The polls about which Seccombe writes were conducted before the government’s extraordinary move to combine with the opposition to ram through Parliament changes to environment laws, to allow the salmon industry to continue operating in Macquarie Harbour, and to support Labor Senator Anne Urquhart’s bid to shift to the House of Representatives to take the Braddon electorate off the Liberals.

It’s hard to make sense of this: the Liberals hold Braddon with a 58:42 TPP and a 40 percent primary vote, but the Labor Party hopes that Urquhart, who has established her name as a Senator, has a chance.

Salmon farming is a big issue in Tasmania, and many people are angry about the bipartisan support for the industry. Even if the government takes Braddon off the Liberals, they may lose their only “safe” Labor seat in Tasmania to an independent.

On the other side of Tasmania from Macquarie Harbour is the Franklin electorate, which at first sight looks rock-solid Labor, with a 64:32 TPP lead. But Labor’s primary vote in 2022 was only 37 percent. Labor held the seat with preferences flowing from a Melbourne Cup field of smaller parties, including the Greens who secured a 17 percent primary vote. This year the seat will be contested by Peter George, an independent candidate who is well-known as a former ABC foreign correspondent. To quote from his site:

I’ve been fighting with Tasmanian communities against destructive salmon farming practices for a decade. I’m appalled that local Labor MP and Minister for Fisheries, Julie Collins, has shown unwavering support for multinational salmon farming corporations that are destroying the waterways we love. Now Julie Collins is endorsing new salmon farms in North Storm Bay that threaten to devastate more waterways and beaches—from Opossum Bay to Lewisham and all the way to the Tasman Peninsula.

George is not on Climate 200’s list of 35 candidates, but he seems to have good financial support. In 2022 the Liberal candidate won only 27 percent of first preference votes. If they and those who voted for the Greens give him their preferences, he has up to a 44 percent head start.

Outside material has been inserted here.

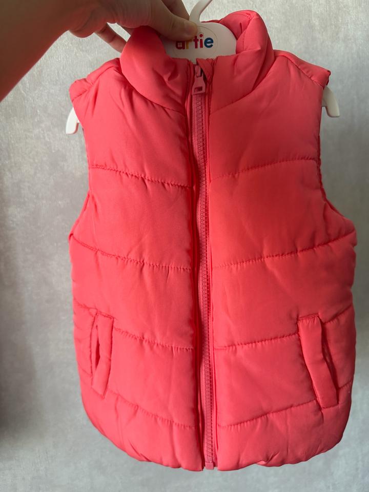 Жилетка для девочки. Носили в годик и чуть старше, сейчас нам год и 9 мес, уже маловата. Цвет коралловый Артикул: 526641

We won’t know which polls were accurate until the night of the election count.


Are we happy?

If we listen to journalists telling us we have a “cost of living crisis”, and to Coalition politicians telling us that in Australia we have the worst government in our 60 000 year history, we might be surprised to learn that on the World Happiness Report’s rankings Australia comes in at #11 out of 147 countries surveyed.

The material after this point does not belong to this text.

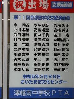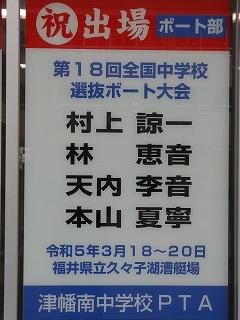 今年度末の3月に、全国レベルの大会に出場するボート部と吹奏楽部の皆さんの健闘を期待して、PTAより生徒玄関横に「祝出場」の掲示をいただきました。ありがとうございました。

We’ve been pushed out of the top ten, which has the usual suspects – the Nordic countries, Luxembourg and The Netherlands. Costa Rica, which is one of the most prosperous and best-governed countries of central and south America, comes in at #6. It is surprising to find Mexico (#10) and Israel (#8), among the top ten – one a poor country burdened by corruption and a high rate of violent crime, the other engaged in a war.

Some explanation for these rankings lies in the researchers’ emphasis on social support, rather than on material living standards. Our happiness depends on the benevolence of others, particularly our perception of the benevolence of others. If we think others are greedy we are less happy than if we believe they are caring. The report’s authors note that in this regard Latin American societies are characterized by large household sizes and strong family bonds, which may help explain the high rankings for Mexico and Costa Rica.

The large “developed” countries – Germany, UK and the USA – are ranked at 22, 23 and 24 positions. Japan (#55) and Korea (#58) rank well below most other prosperous countries.

The researchers note, as we have seen in Australian surveys, that there is an increasing tendency among younger people to feel lonely.

Their detailed analysis of Australia shows a slow trend of expression of negative emotions and a steady rise in inequality.